Out of the shadows
Every day my alarm goes off at 5:45 a.m., only I’m already awake. Awake and nursing Max, whose internal clock is inexplicably and maddeningly set to exactly 15 minutes before whatever time I decide I need to get out of bed for the day. I fumble around for the off button, awkwardly attached to a baby and half-propped on one arm, and then I fight the ever present lure of sleep while simultaneously urging Max to surrender to that very thing. Rising from the bed once he is back to dreaming is my first major feat of the day, and I tell myself that achieving said feat is surely setting me up for success and brilliance in all things. Then in the shower I slather conditioner on my face.
If, the night before I have managed to poke around in my drawers full of wadded up clothes or dresser top piled with clean (I hope) laundry to select the things I’ll wear for the next day, then I have a sliver of hope that what I put on can be referred to as an “outfit.” If instead the evening got away from me and I naively decide to wait until morning, all is lost. Those are the days I fish around blindly in my room with no lights, towel-covered and dripping, hoping that what I choose will 1. Cover the necessary parts of my body; 2. Fit(ish); and 3. Be clean enough that the stained sections can be covered with a jaunty scarf, or at the very least, crossed arms. Then once I’m clothed, I try hard not to think about what I’m wearing for the rest of the day. Which is difficult when the elevator in your building is a giant reflective surface and your office is on the 9th floor.
On good days I’m at my computer and working by 8 a.m., having gone from dark house to dark parking garage to elevator to windowless room—a temporary job space for the next two weeks where the only light comes from the fluorescent bulbs above and the glow of the 22-inch monitor less than a foot from my face. Every two and a half to three hours I go sit on the floor of another windowless room, this one a storage closet, and hook myself up to an electric pump, filling two bags with Max’s meal for the next day, or perhaps the one after that. All the while thinking: I miss the sky.

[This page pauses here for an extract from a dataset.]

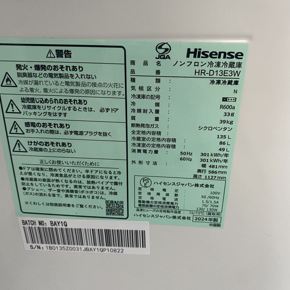 Hisense ハイセンス ノンフロン冷凍冷蔵庫 HR-D13E3W 2024年製 2ドア ホワイト引越しに伴い、お譲り致します。簡単な動作確認済み。清掃は行いましたが、取りきれない汚れがあります。※サイズが大きいため、熊本県宇城市近郊で直接引き取りが可能な方のみ購入をご検討ください。
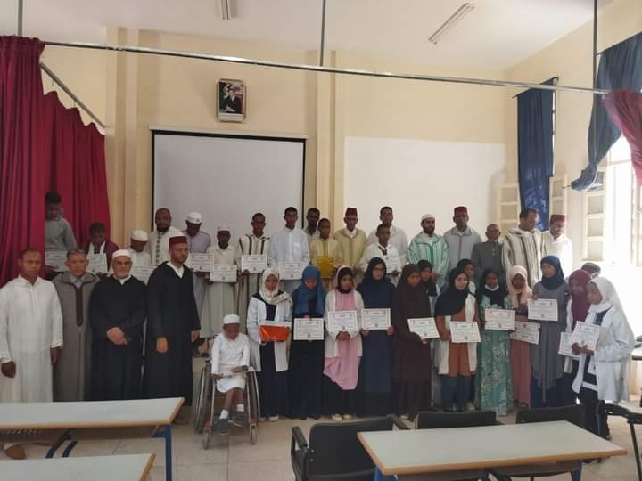 تنزيلا لتوجيه المكتب الوطني ، وتزامنا مع الاحتفال باليوم الوطني لمادة التربية الاسلامية، أسدل الستار عن المسابقة النهائية في تجويد القرآن الكريم فئة التعليم الإبتدائي يوم الجمعة27 رمضان1443هجرية بمدرسة الأنوار الابتدائية .فيم تم اجراء المسابقة النهائية لتجويد القرآن الكريم (فئة الثانوي الإعدادي والثانوي التأهيلي) يوم السبت 38 رمضان 1443 بتنسيق بين فرع الجمعية المغربية لأساتذة التربية الإسلامية ، والمجلس العلمي المحلي لزاكورة….وقد عقد اللقاء بفضاء الثانوية التأهيلية المجد، وحضرته عديد من الشخصيات المباركة يتقدمها السيد رئيس المجلس العلمي المحلي لزاكورة ذ. عبد الرحمن المتقي، مع ثلة فاضلة من السادة أعضاء المجلس العلمي المحلي، وأعضاء الفرع الإقليمي للجمعية م أ ت إ. بالإضافة إلى السادة الآباء وأولياء الأمور وجماعة من المتعلمين والمتعلمات.

The upside of arriving at 8 is leaving at 4, and so back down the elevator and to the garage I go, finding my car and sliding on sunglasses only to discover their futility as I pull out into a torrential downpour. Turns out grey skies were what I was missing all day as I pecked away at my keyboard and pined for a view. What a slog, the interstate. Always, but especially for a commute filled with grimy spray from semi trucks and windshield wipers up so high they drown out my music. I contemplate buying of a SADD-prescription light panel to photosynthesize some mojo for my flagging, fading self. I contemplate buying a plane ticket to Maui. Instead, I put on my blinker and merge onto the exit ramp.
Now comes the task of collecting kids one and two, and so following a brief moment of stillness and silence after putting the car in park, I find them in their respective rooms and we run back to the car, arms over heads to shield us from the rain. It only takes two minutes to drive the few blocks home and trip up the walk to the front door, and then all three kids are here, happy, home, corralled with me and with each other. And then for the first time all day it happens: I finally see the light.